Let’s assume that for normal reports, Reporting Services itself is used. These are now rebranded as “paginated” reports. Those are the kinds of reports you’d want to print out on a piece of paper and give them to your manager. Good examples are profit/loss reports and balance sheets. For your mobile business intelligence, you have to choose between mobile reports and Power BI. Currently, if your company doesn’t want to work with a cloud product, you have no other choice than to use the SSRS mobile reports. If the cloud is an option, Power BI is a very good choice.

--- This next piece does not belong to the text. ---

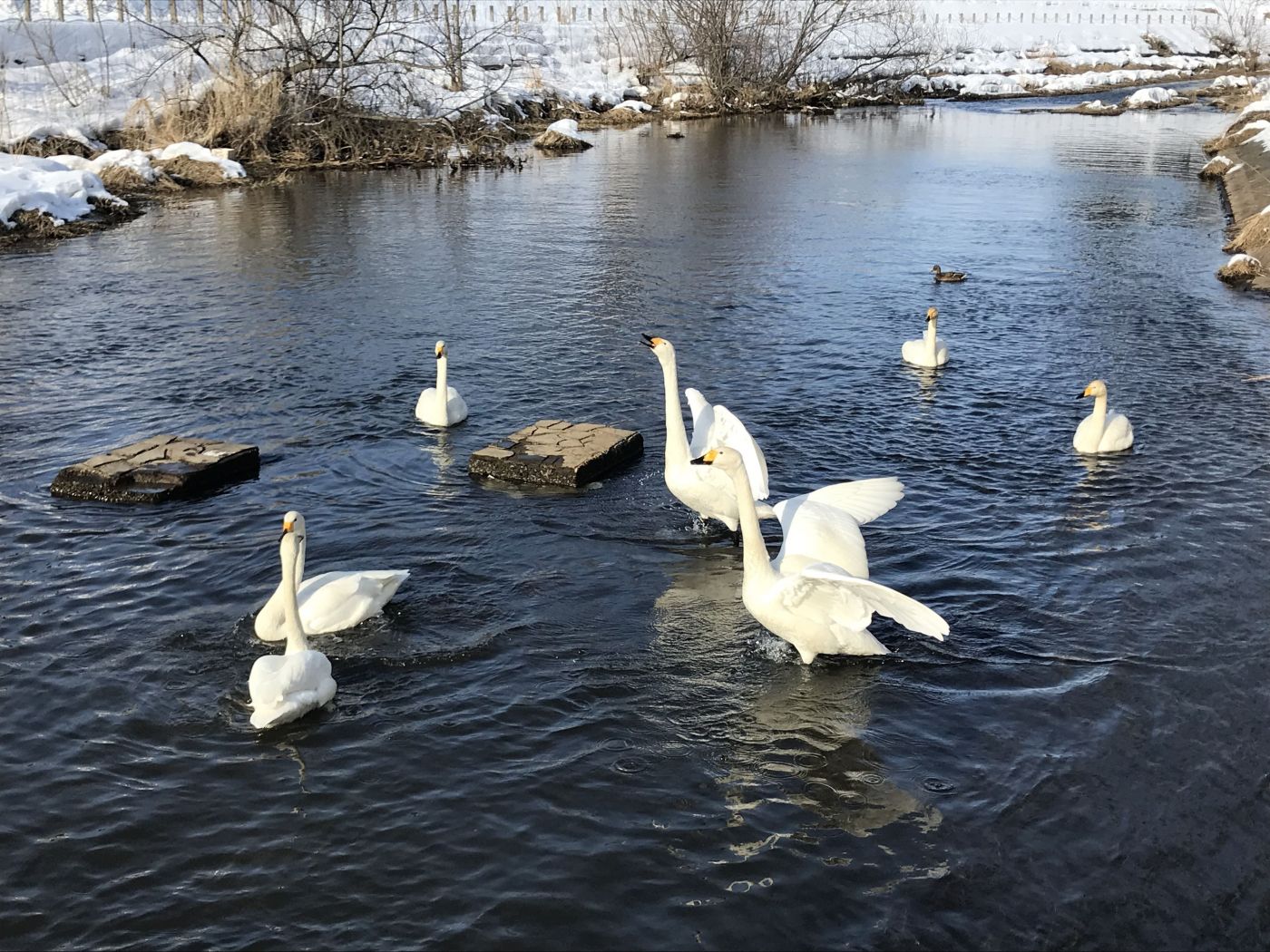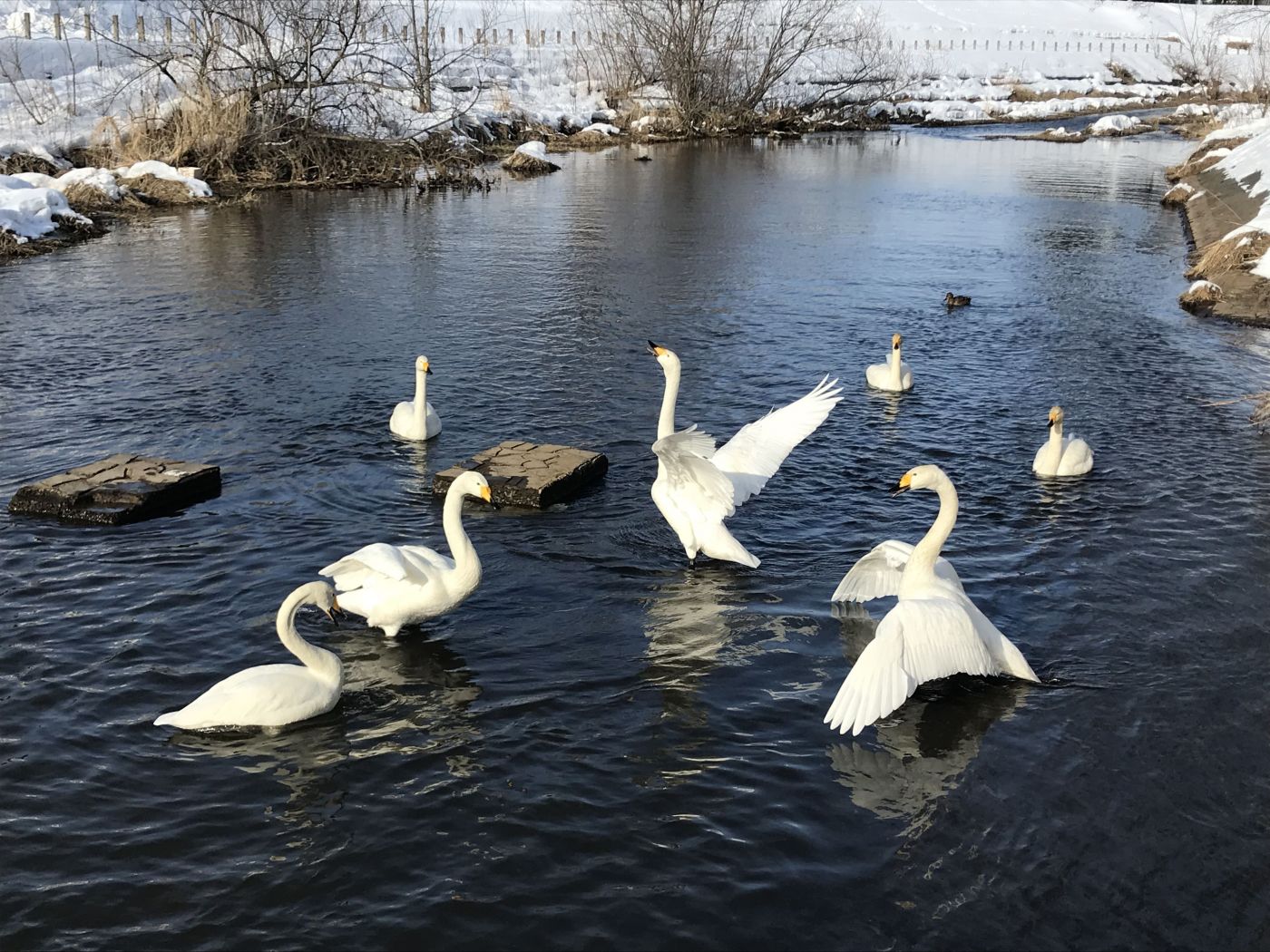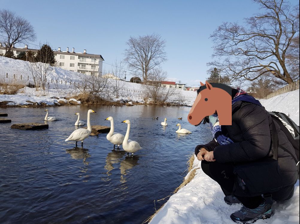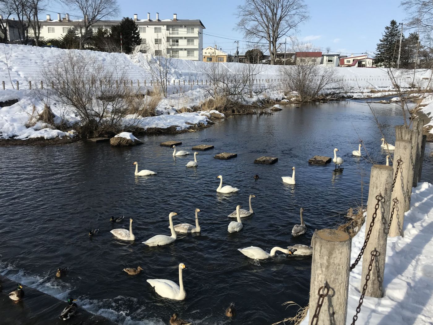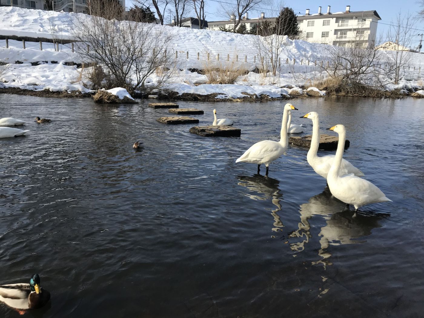 อีกอย่างที่เราตั้งใจจะมาดูมากๆ ตามที่หาข้อมูลมา คือ แม่น้ำข้างๆศาลเจ้า ที่เฉพาะในฤดูหนาวจะมีหงส์อพยพมาอยู่กัน บรรยากาศดีมาก คุ้มค่ากับการต้องค่อยๆไต่บันไดที่มีแต่หิมะลื่นๆลงไปริมตลิ่ง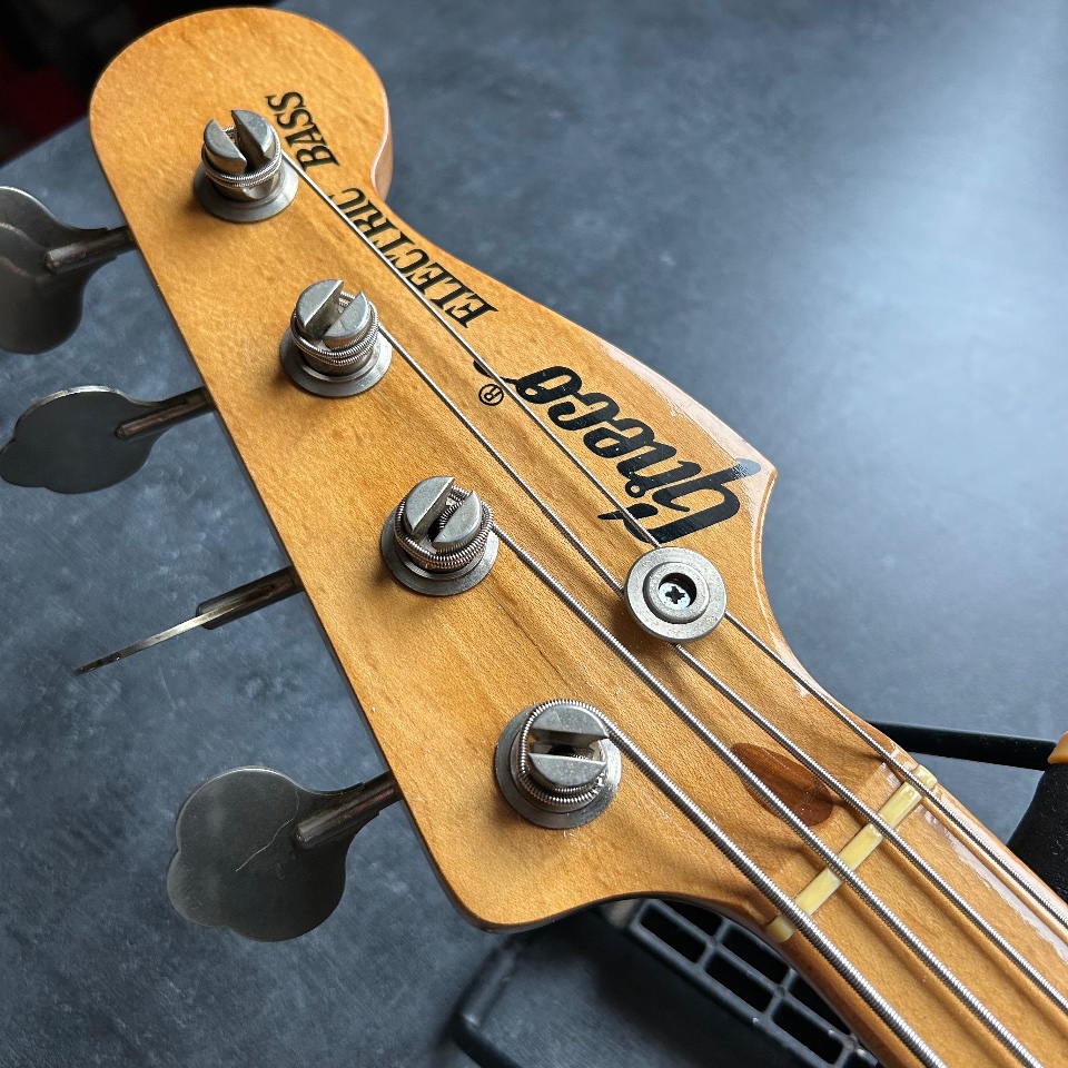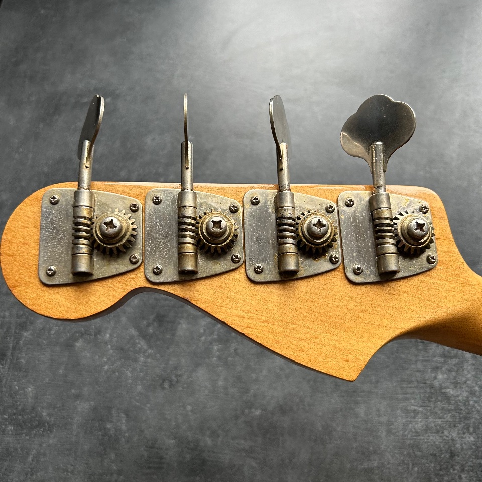 For a 50-year-old bass, it's in very good condition – aside from three dents on the back of the body, there's virtually no damage. The frets are quite low, but they would last for another sanding (unnecessary for now – they're in good condition). The guitar recently underwent a luthier overhaul, including electronic maintenance and neck angle adjustments. A small veneer was added to improve the setup. The current string action is 2mm above the 12th fret.

However, Microsoft will soon enable to host Power BI Desktop reports on premises, using your Reporting Services instance. In such a scenario, the question becomes: why use the mobile reports at all? The answer is simple. In Power BI – the cloud environment – you have reports (build in Power BI Desktop) and dashboards (build in the browser). A dashboard is a collection of tiles, where a tile is a report object linked from an actual report. In an on premises environment, the SSRS mobile report would be the replacement of those dashboards. In other words: the ideal scenario would be to use Power BI Desktop reports alongside the SSRS mobile reports. Each report type would support its own specific use case. In this scenario, you have a best-of-breed hybrid business intelligence solution.
The following table aims to give an overview of the main differences between the different reporting products of Microsoft:
|Paginated Reports||Mobile Reports||Power BI||Excel|
|Interactivity||Limited. Required advanced knowledge||Limited interactivity||Supports dozens of different sources. Online and on premises||Interactive (pivot tables and charts)|
|Data sources||Mainly databases||Mainly databases||Supports dozens of different sources. Online and on premises||Typically Analysis Services|
|Coding required||Yes||Only for data set||Not for live models. Coding can be required for in-memory models.||No|
|Export options||Excel, PDF, Word, PowerPoint, HTML, CSV, XML, TIFF||CSV|
With the inclusion of the DataZen technology in Reporting Services 2016, Microsoft finally has an easy-to-use mobile business intelligence offering. The technology consists out of two parts: KPIs – which are visual indicators of an important measure – and mobile reports. With mobile reports, you can build attractive and interactive dashboards which are responsive to the screen size: if the screen size changes, the layout will adapt accordingly.
Microsoft also has the Power BI offering, but you shouldn’t choose between the two. You can rather use a mix of the two product offerings, choosing the reporting tool that best fits a certain scenario.